I think you need to back this up as it seems very anecdotal to me - As for the problems you mentioned it generally goes down to a criminal element. I know people in Werribee and while its not Paradise its better than most SA suburbs I've seen.



undrkvabrtha said:


> The difference is that a lot of such crimes go unreported.


In South Africa - Yes



undrkvabrtha said:


> In the UK, it's safe if you know where you're going, and have adequately planned out your trip. There's no safety net there either, from my limited experience.


This is not true.


----------



## undrkvabrtha (Jul 12, 2010)

Halo said:


> I think this is an over simplification.... and I would dissagree about your view of the SA mugging... A mobile phone is not exactley money and the end result differs as in the UK if you hand it over you'll get a scare while in SA the consiquences are much greater.
> 
> 
> I think you need to back this up as it seems very anecdotal to me - As for the problems you mentioned it generally goes down to a criminal element.

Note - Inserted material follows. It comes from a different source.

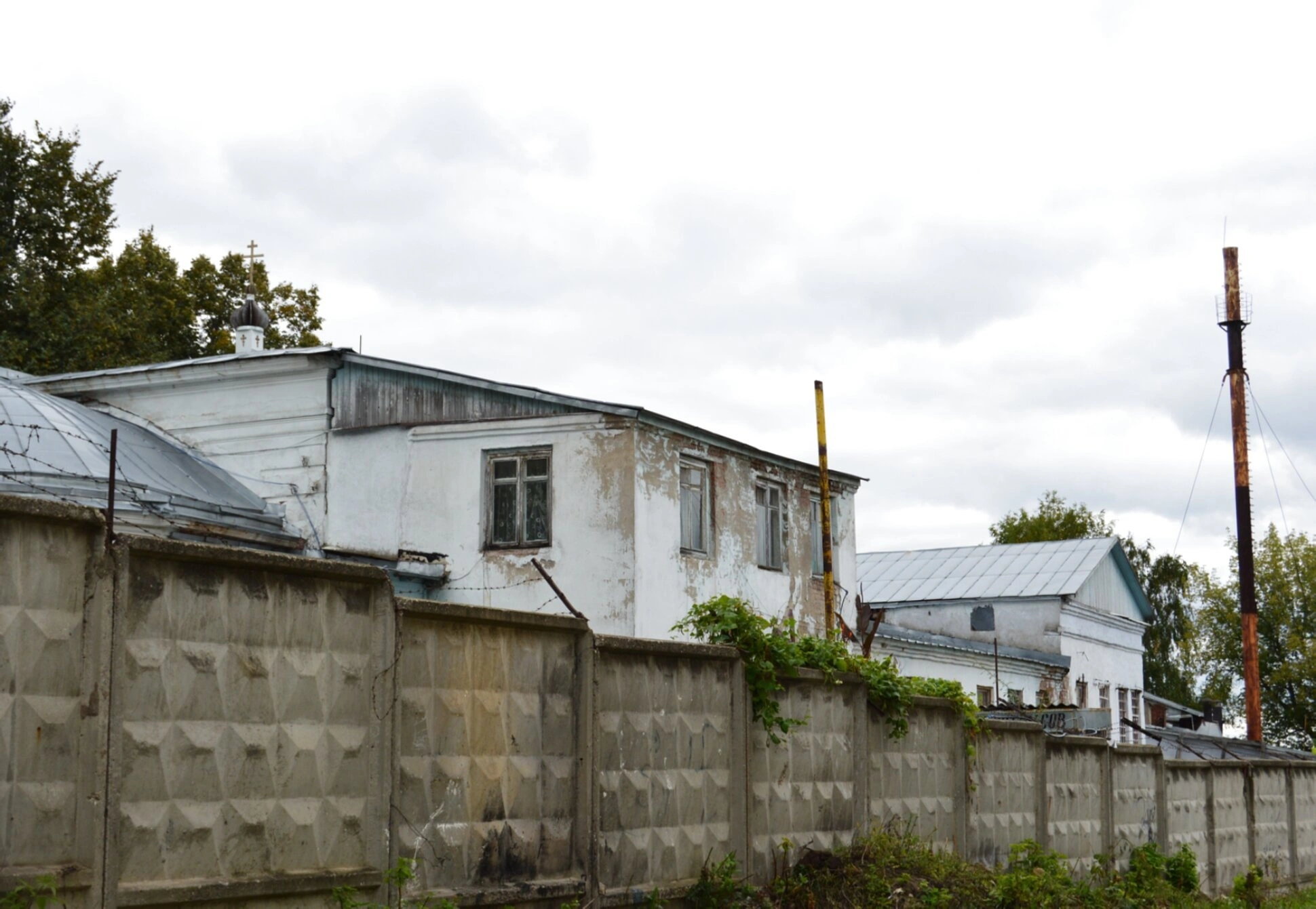 На переднем плане изображён массивный монастырский забор, выполненный из бетона и украшенный рельефным узором. Сверху ограждения видна колючая проволока, что свидетельствует о непростой истории обители в годы гонений на Церковь. За оградой открывается вид на одно из монастырских зданий, вероятно, жилой или хозяйственный корпус. Стены здания выкрашены в традиционный белый цвет, однако на них заметны следы облупившейся штукатурки, говорящие о необходимости реставрационных работ.

I know people in Werribee and while its not Paradise its better than most SA suburbs I've seen.
> ...




Hi Halo,

Equations change when you're a white guy in SA, or when you're a brown guy in the UK (this is not a reflection of subtle racism in the UK, or reverse-racism in SA - that'd be a whole different ball game, and IMHO, it's not fair to judge a nation by a few bogans, or by a few who're rightfully enraged at centuries of thievery).

I stand by my statements, though. I've lived in Manchester, London and Cornwall in the UK. Have lived in Melbourne (Ashburton VIC) and am currently in ACT. 

While I'd love to stay in Cornwall (magnificent craggy cliffs and awesome countryside), I'd never go down London's East-end, or near the Marshalling Yards in Manchester - to name a few places.

Your perspective sounds like you're white (nope, am not playing a race card -just being factual) - in which case, you're unlikely to see what I see in South Africa, and possibly vice-versa.

i.e. you get to bear the brunt of 300 years of oppression, looting, theft, rape and let loose in many a South African psyche (not everyone, mind you) and I get mugged only if I appear to have something of value.

And regarding Werribee, don't take my word for it - check the news - not very long back, a mother and son were attacked at a traffic light in their car - they simply beat'em up and battered their car, and then drove away.

Or better still, check the council publications for the number of unsolved violence or the statistics on reported crime.

And no, Werribee is not better than most suburbs in SA - that sounds rather limited.

In contrast, I've not heard of any travellers to SA get mugged or attacked while they were there - for the FIFA World Cup.

My parents stay in Middelburg, but before I moved to Oz, we stayed in Durban. I still think there're safety issues that compare quite well to South African cases here in Oz, or in the UK.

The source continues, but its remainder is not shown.